The simulation done here assumes that the time and number of previous
events has no effect on any further events of the patient. This
assumption may be relaxed by explicitly formulating the
`prob_cve`

function in a way that it uses the
`cve_time`

column to change the probability of further
events. A more in-depth example that includes considerations like these
can be found in the third vignette of this package.

Banks, Jerry, John S. Carson II, Barry L. Nelson, and David M. Nicol (2014). Discrete-Event System Simulation. Vol. 5. Edinburgh Gate: Pearson Education Limited.

Bilge, Ugur and Osman Saka (2006). “Agent Based Simulations in Healthcare”. In: Ubiquity: Technologies for Better Health in Aging Societies - Proceedings of MIE2006. Ed. by Arie Hassman, Reinhold Haux, Johan van der Lei, Etienne De Clercq, and Francis H. Roger France. IOS Press.
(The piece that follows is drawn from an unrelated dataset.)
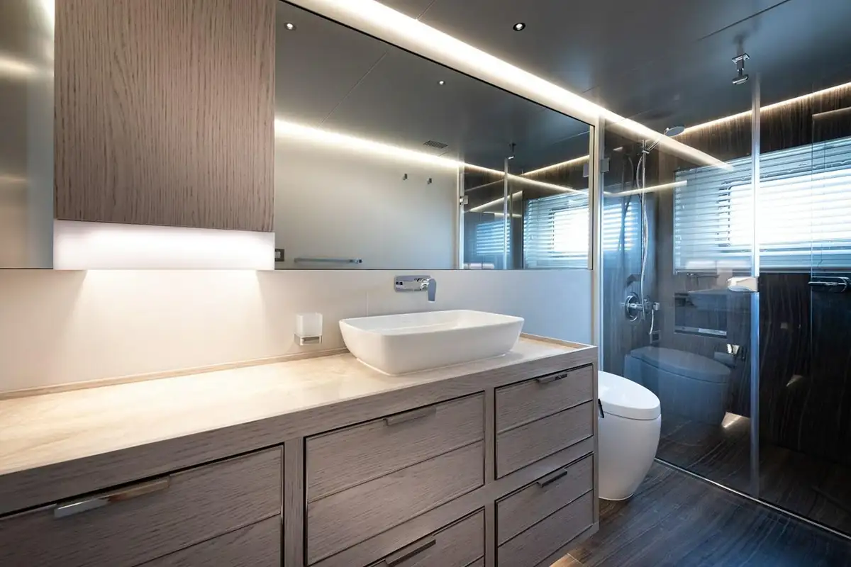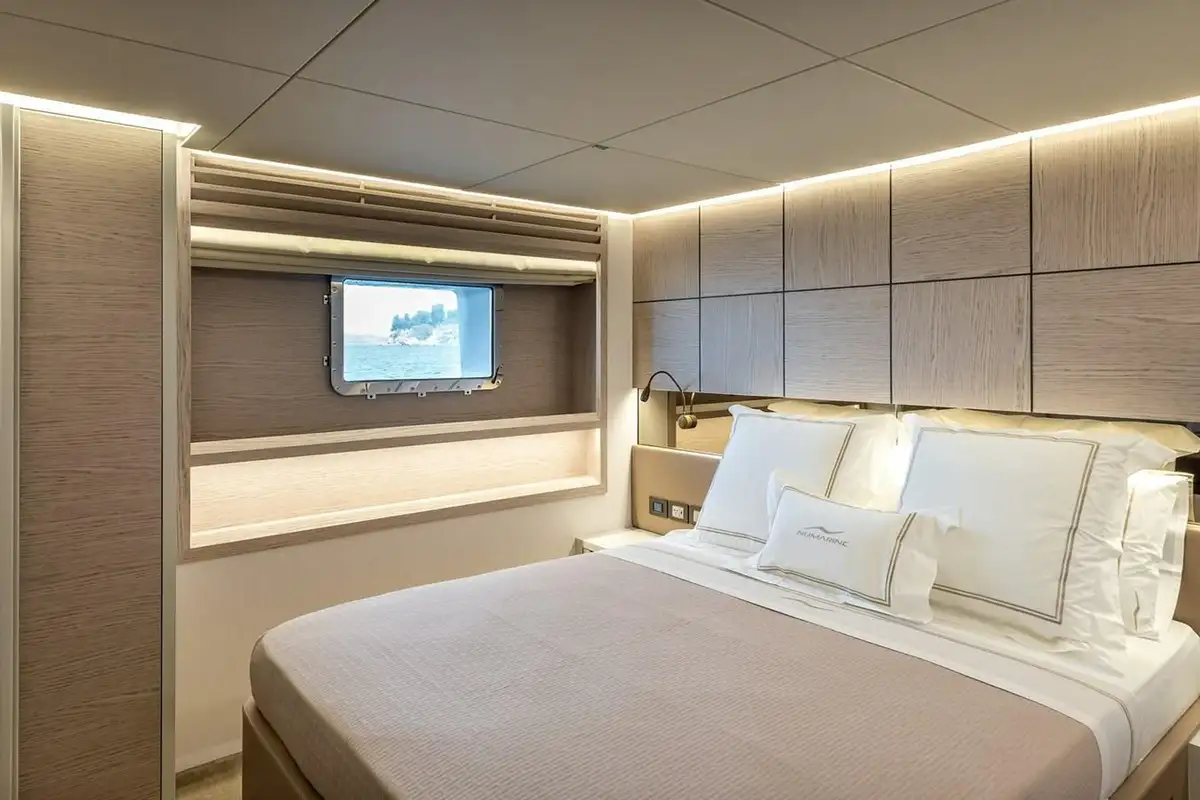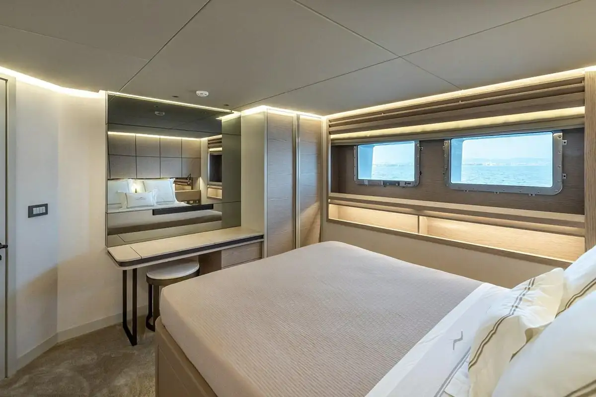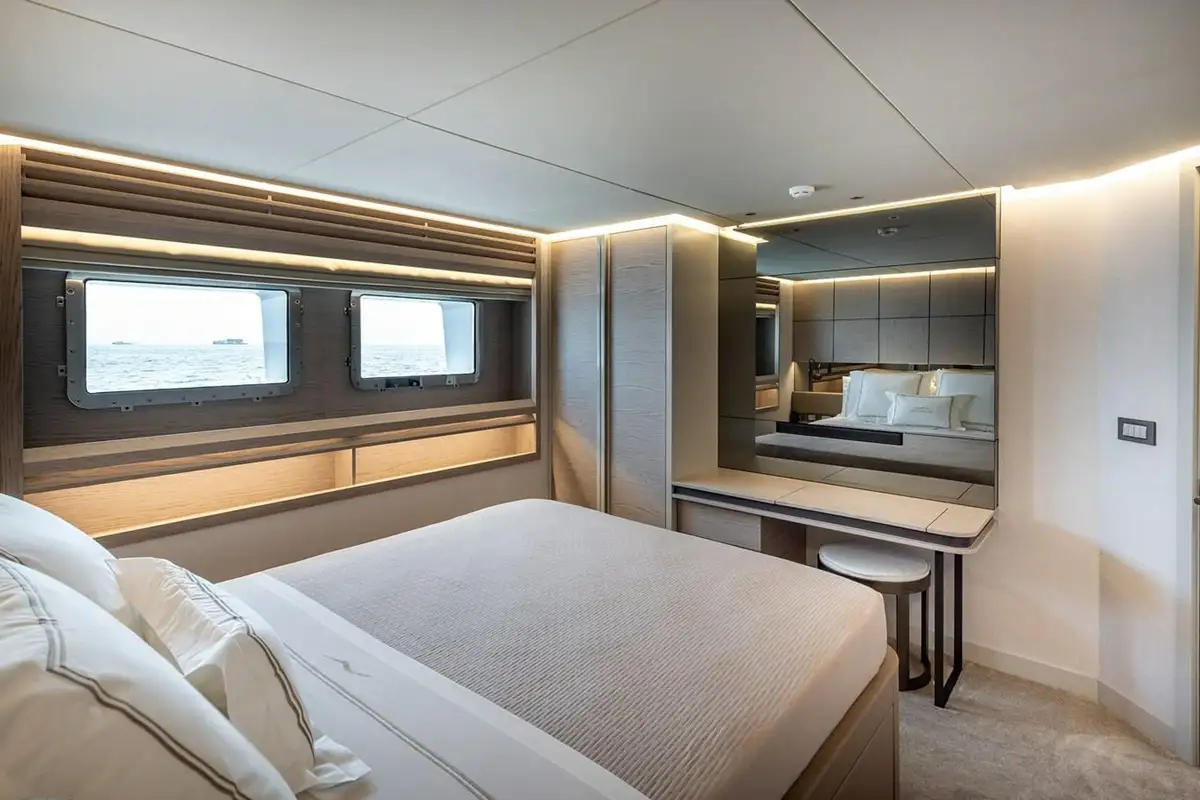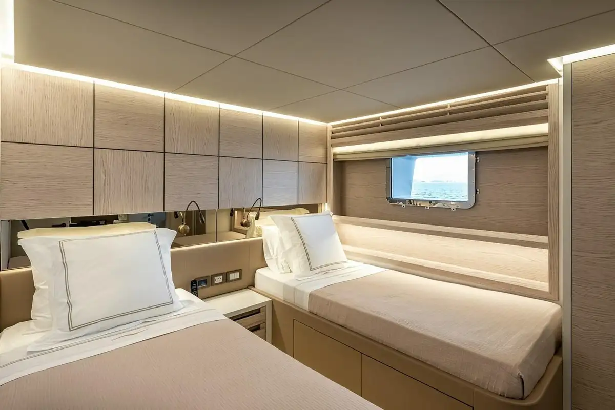 The master cabin has a king size bed on the centreline, a desk with a fabulous sea view and a bathtub plus a separate rain room shower in its en suite bathroom. The lower deck guest cabins are finished in a similar neutral palette and clean, modern style.
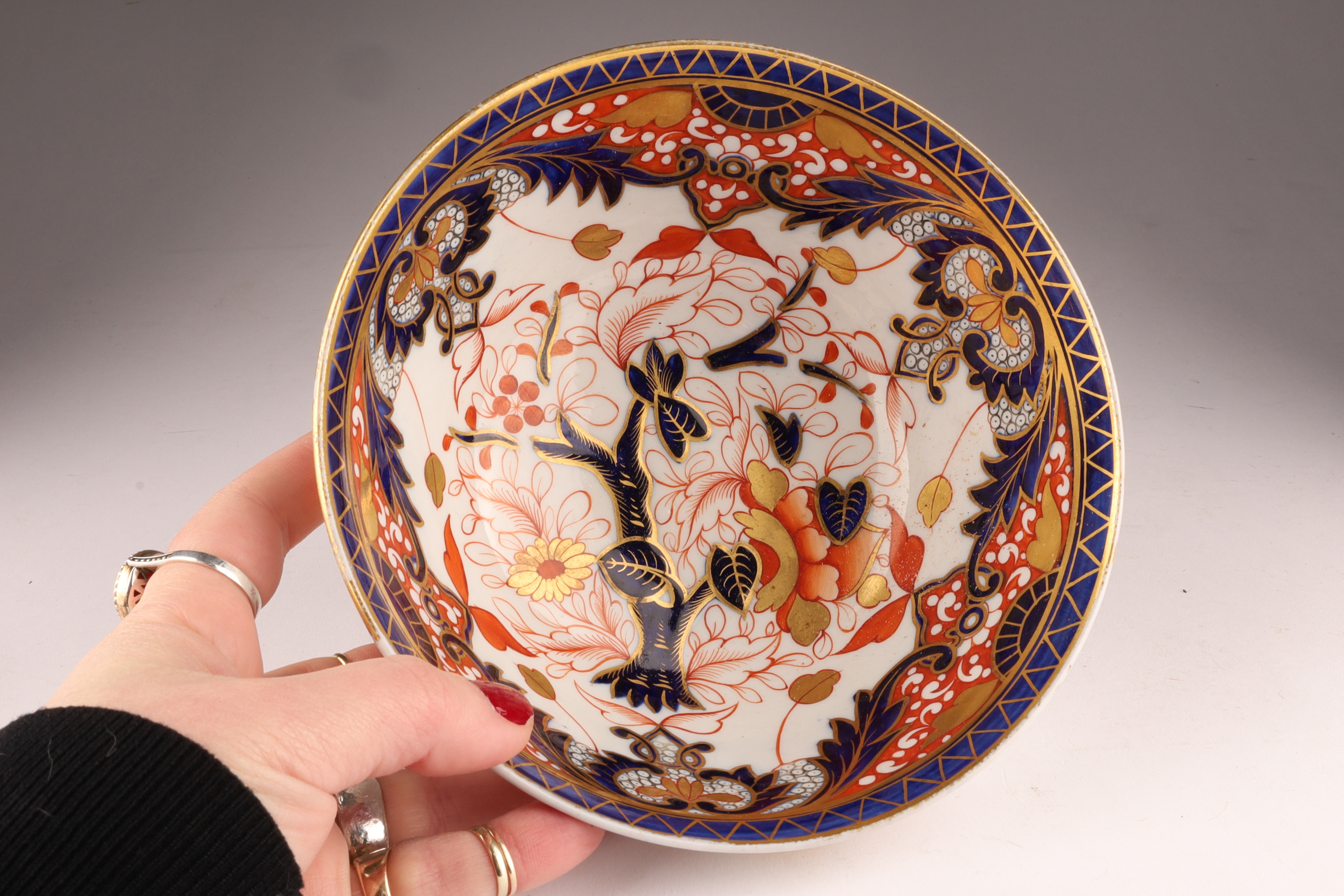Finely decorated English porcelain bowl in the classic Imari palette of cobalt, iron-red and gilt, featuring a central flowering tree framed by rich border ornament.

Spooner, Fiona, Jesse F. Abrams, Karyn Morrissey, Gavin Shaddick, Michael Batty, Richard Milton, Adam Dennett, Nik Lomax, Nick Malleson, Natalie Nelissen, Alex Coleman, Jamil Nur, Ying Jin, Rory Greig, Charlie Shenton, and Mark Birkin (2021). “A Dynamic Microsimulation Model for Epidemics”. In: Social Science & Medicine 291.114461.

Tang, Jiangjun, George Leu, und Hussein A. Abbass. 2020. Simulation and Computational Red Teaming for Problem Solving. Hoboken: IEEE Press.